Изменить размер шрифта:

37

Долго гуляли они по лесу, но Алексей не начинал разговора. Елена не спросила: «Зачем вы позвали меня?» Оттягивая сознательно момент объяснения, все еще надеялась:

— Может быть, обмануло предчувствие!

Но никогда не обманывает оно любящей женщины!

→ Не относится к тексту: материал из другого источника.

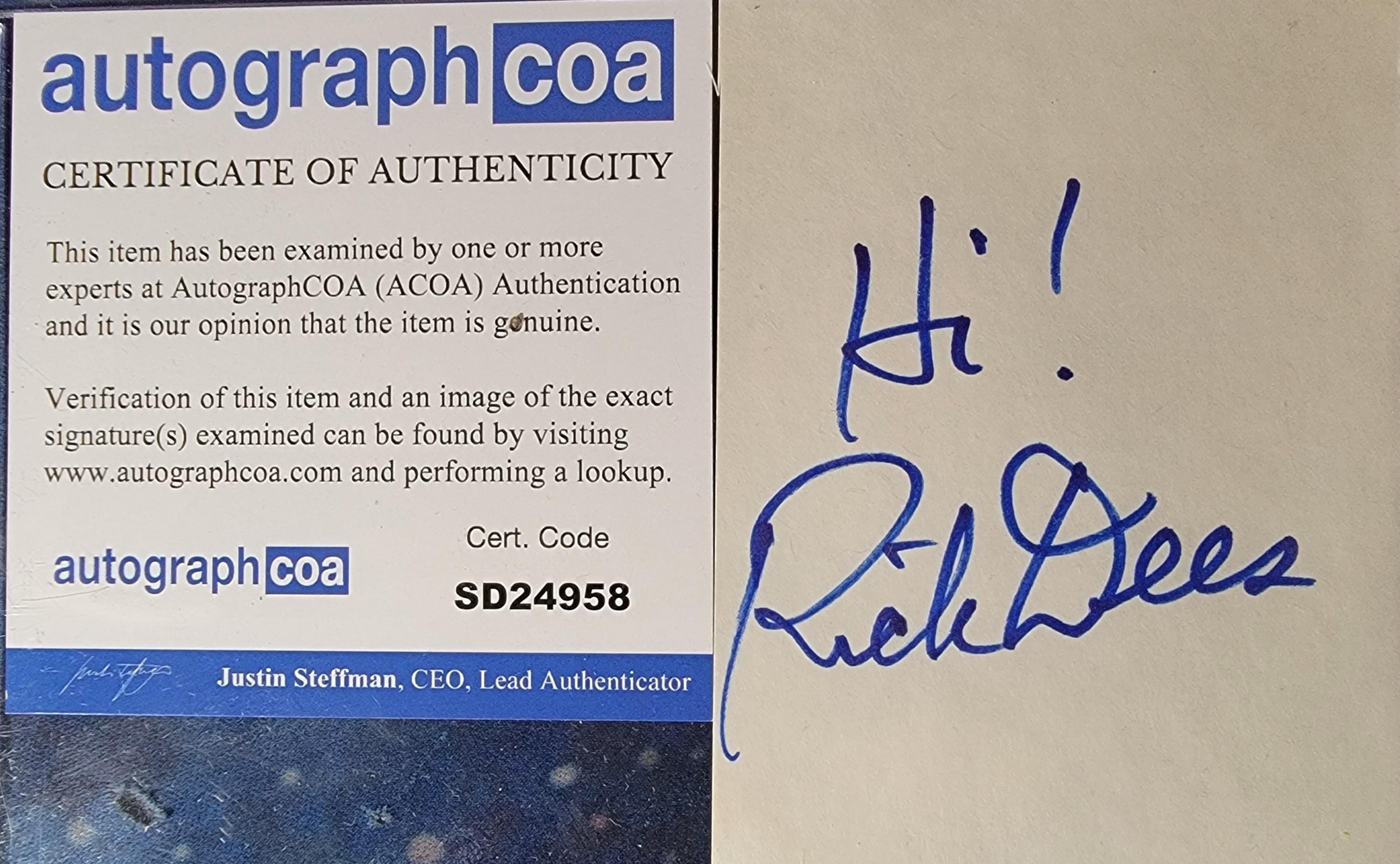 Rick Dees Authentic Signed Index Card W/ ACOA Disco Duck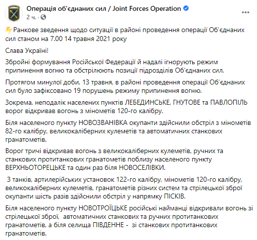 Кроме того, добавили в ООС, в результате обстрелов погиб украинский военнослужащий. Он получил пулевое ранение несовместимо с жизнью.

— Какие отношения, хотите вы, чтоб были между нами?

И Елена почувствовала:

«Вот!»

— Такие, как были до сих пор! — не задумываясь, ответила она.

— Дружеские? — понял по-своему Алексей. — Будут всегда! — и протянул ей руку. Но она постаралась не заметить. А он стал — к чему было это? — рассказывать о девушке, которую полюбил, на которой собирается жениться.

К чему он говорит ей это, к чему?

Елена молчала.

— Когда идет последний поезд? — внезапно спросила она. Алексей посмотрел на часы.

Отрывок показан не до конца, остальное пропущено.